Workflow
The workflow of all steps is summarised below:
load the singularity container
Singularity allows to use containers (from i.e Docker) on High-Performance Computer. For more details see the lecture by Valentin Plugaru
Shortly, we built a container with all the necessary tools and softwares embeded. Hence, you just need to book the HPC resources and load the container to start working on your chip-seq sequences.
Tweak for the picard
we need to tweak this location only once.
mkdir -p ~/install/jar_root/
cp /scratch/users/aginolhac/picard.jar ~/install/jar_root/
book resources on iris
- 2 hours
- 8 cores
- interactive
srun --cpu-bind=none -p interactive --time=2:0:0 -c 8 --pty bash -i
load the container
- first we load the tools
singularity
- second we load the container
module load tools/Singularity
singularity shell -s /bin/bash --bind /scratch/users:/scratch/users /scratch/users/aginolhac/ubuntu-chip-seq.simg
then you are inside the container, all the tools should be available.

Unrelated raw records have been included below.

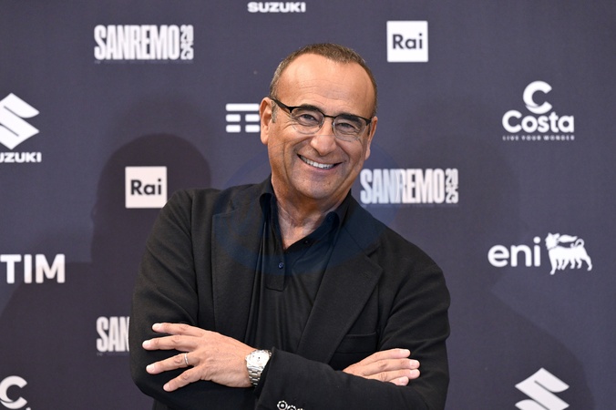 Carlo Conti during advertising photocall during 75th Sanremo Festival, Sanremo, Italy 10 Feb 2025, Credit:Maria Laura Antonelli / Avalon
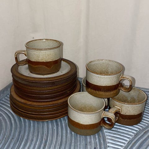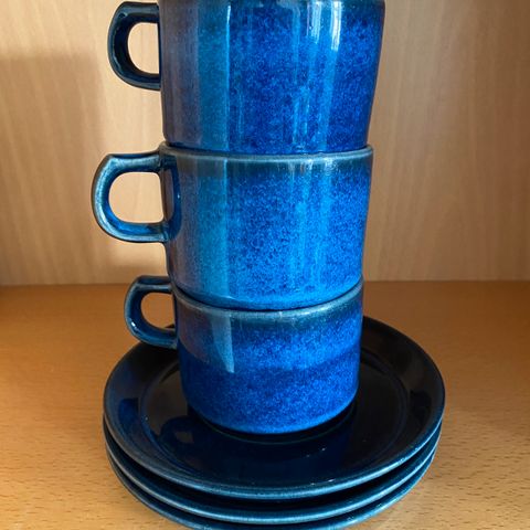 Stentøj, Spisestel, Desirée Denmark, Vesterhav North Sea .Glaseret blåt stentøj. Helt spisestel til 8 personer. Alt sælges, gerne enkeltvis. Glaseret stentøj. Flere dele har aldrig været brugt. Kaffe/, tekop m. underkop, salt og pebersæt 100 kr., sennepskrukke 75 kr., sukkerskål og flødekande i alt 150 kr.
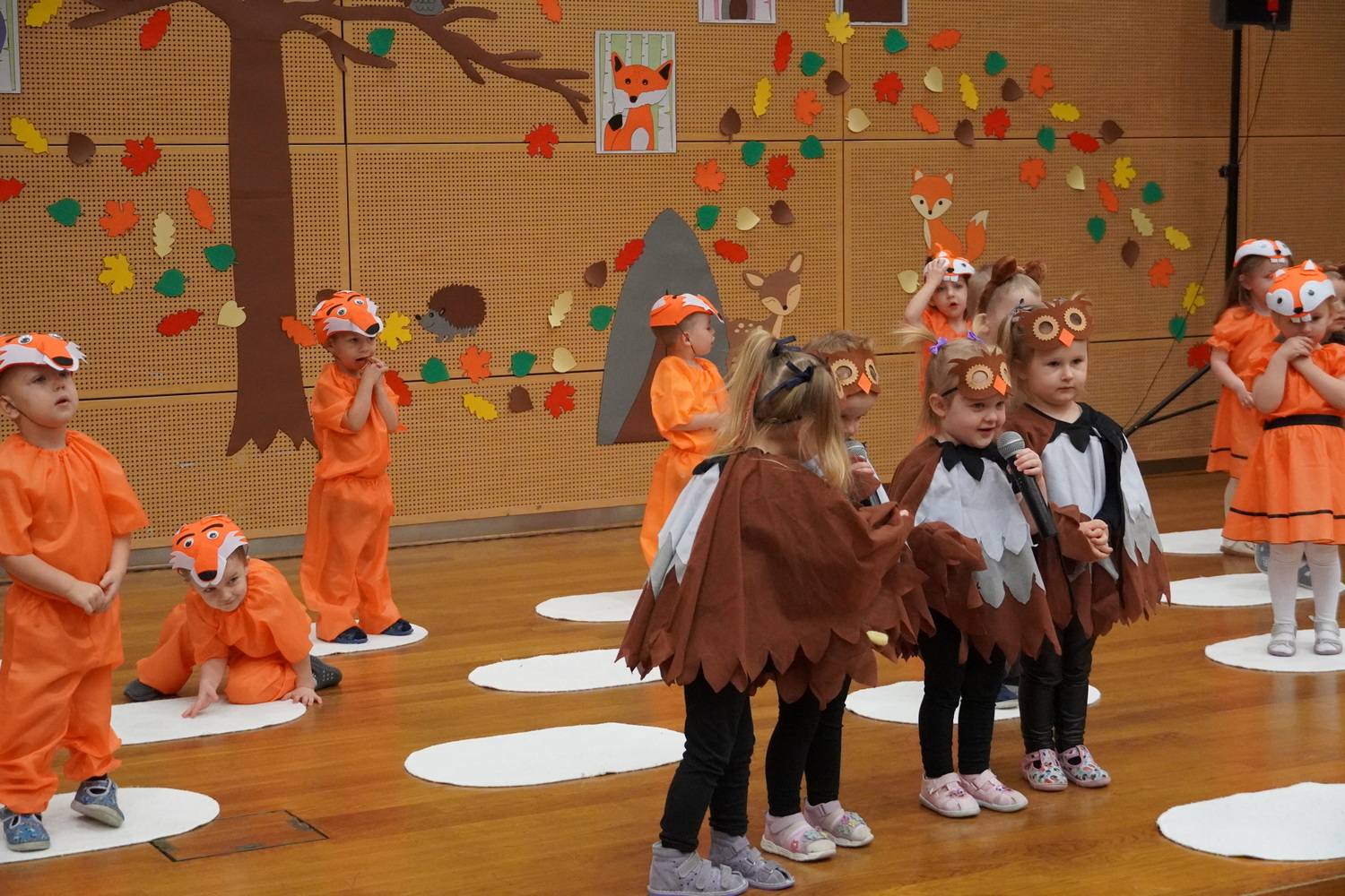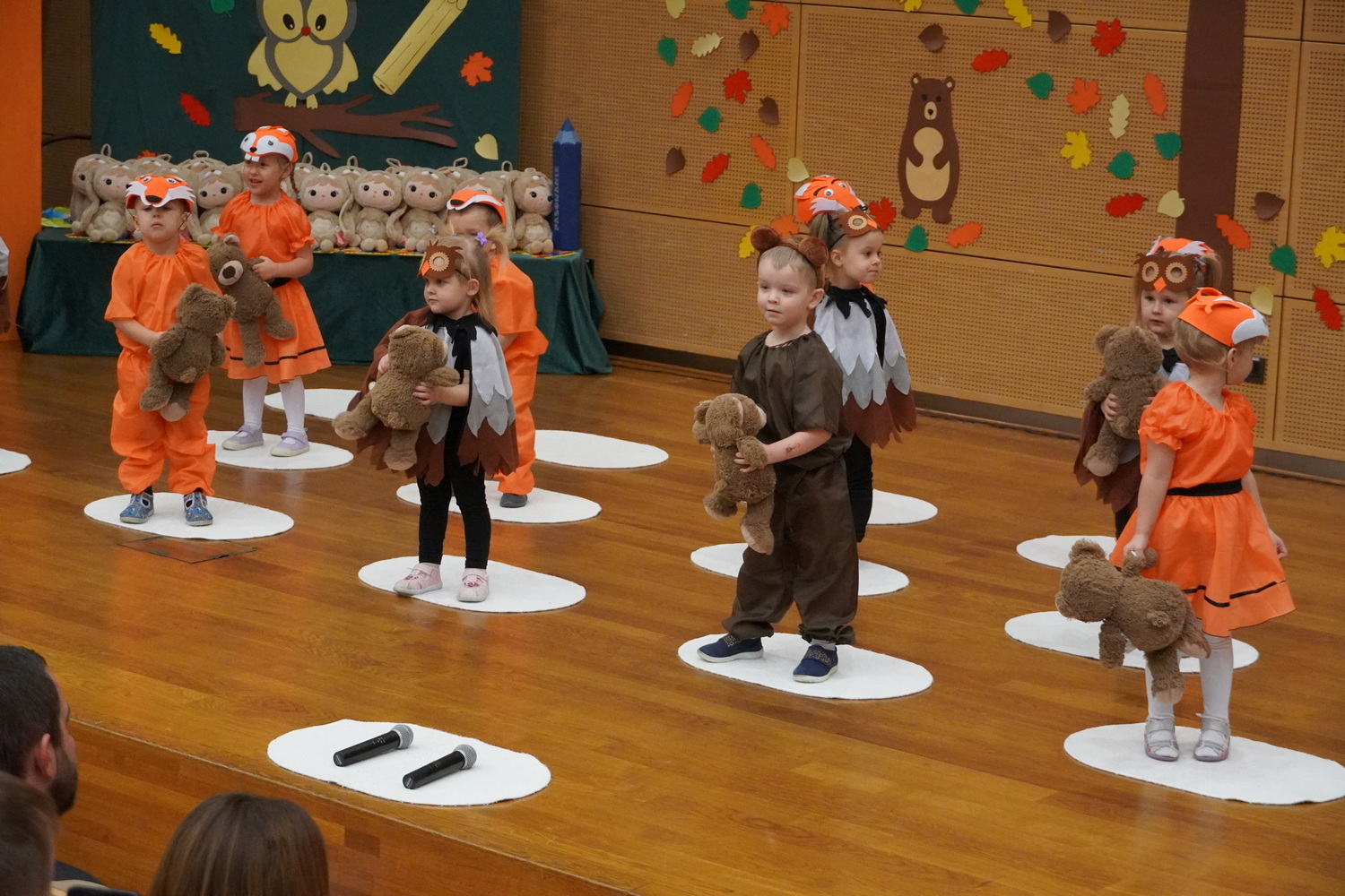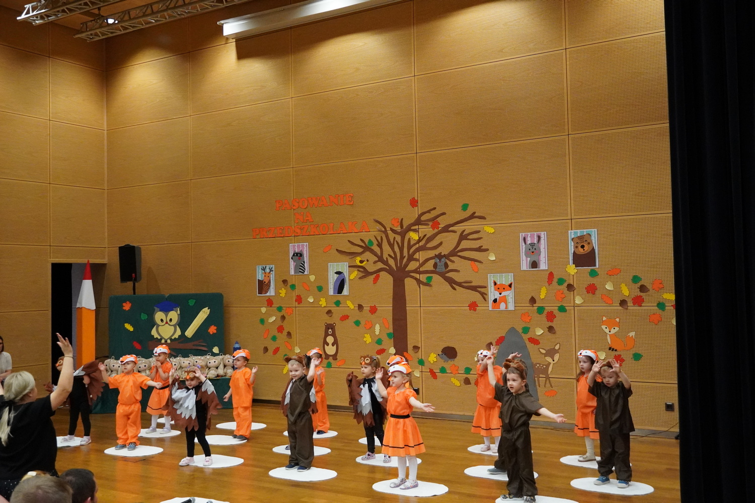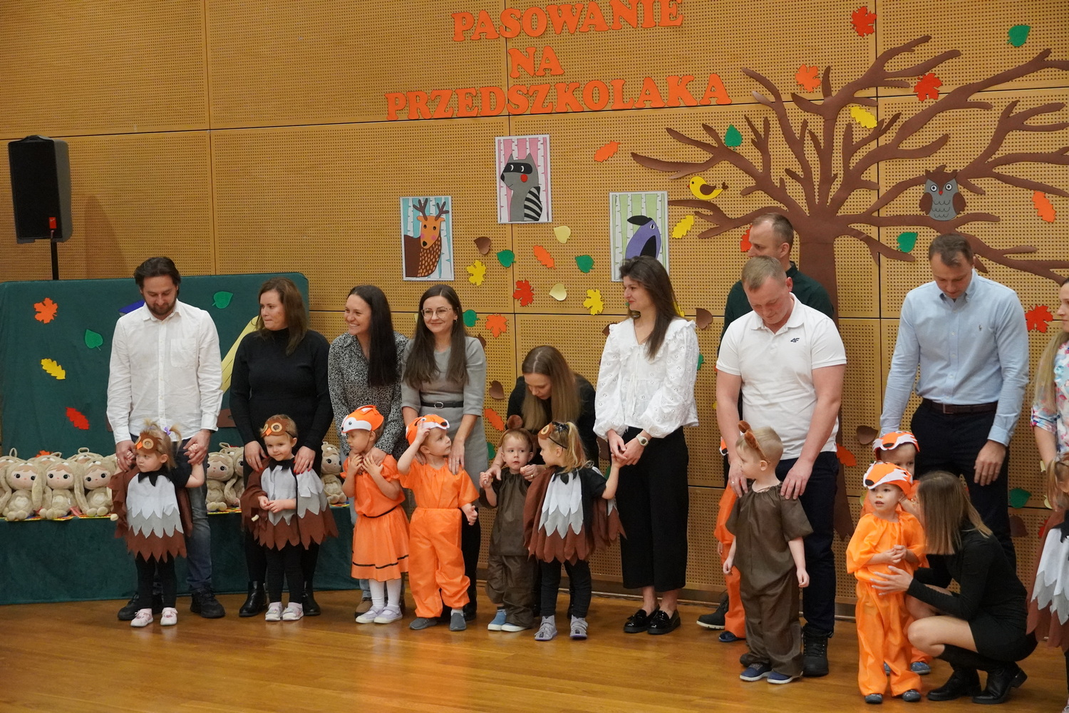 24 listopada odbyło się Pasowanie na Przedszkolaka, czyli uroczystość symbolizująca oficjalne przyjęcie dzieci do grona przedszkolaków. Trzylatki zaprezentowały swoje umiejętności śpiewając piosenki i recytując wierszyki poświęcone leśnej tematyce. Był to ich pierwszy publiczny występ i trzeba przyznać, że spisały się na medal. Po części artystycznej, pani dyrektor przy użyciu dużej kredki, symbolicznie dotknęła ramienia każdego dziecka. I tak oto wszystkie dzieci zostały włączone do grona przedszkolaków. Na zakończenie maluchy otrzymały dyplomy, maskotki i rożki ze słodyczami. W wydarzeniu wziął udział również Wójt Gminy, Dariusz Michałek, składając gratulacje małym przedszkolakom i ich wychowawcom. Uroczystość zakończyła się poczęstunkiem dla dzieci i rodziców.

try running the following and raise your hand if any is command not found
bwa
samtools
macs2
paleomix
prepare your working environment
- go to your home directory:
cd
- create a new folder to work in:
mkdir chip-seq
- go inside:
cd chip-seq
- create and go in a sub-folder:
mkdir fastq
- go inside:
cd fastq
- symbolic link the FASTQ files:
ln -s /scratch/users/aginolhac/chip-seq/fastq/C* .
- check your actions:
ll
(alias ofls -l
)
check integrity of files
Just as a side note, such large files are usually a pain to download. Since they are the very raw files
after the sequencer (despite basecalling) checking their integrity is worth doing.
Computing the md5sum
ensure you have the same file as your sequence provider.
Then paleomix
will check the FASTQ are correct, i. e have 4 lines in a correct format.
md5sum -c C53CYACXX_TC1-I-A-D3_14s006682-1-1_Sinkkonen_lane114s006682_sequence.txt.md5
you should observe an OK
after few seconds of computing time.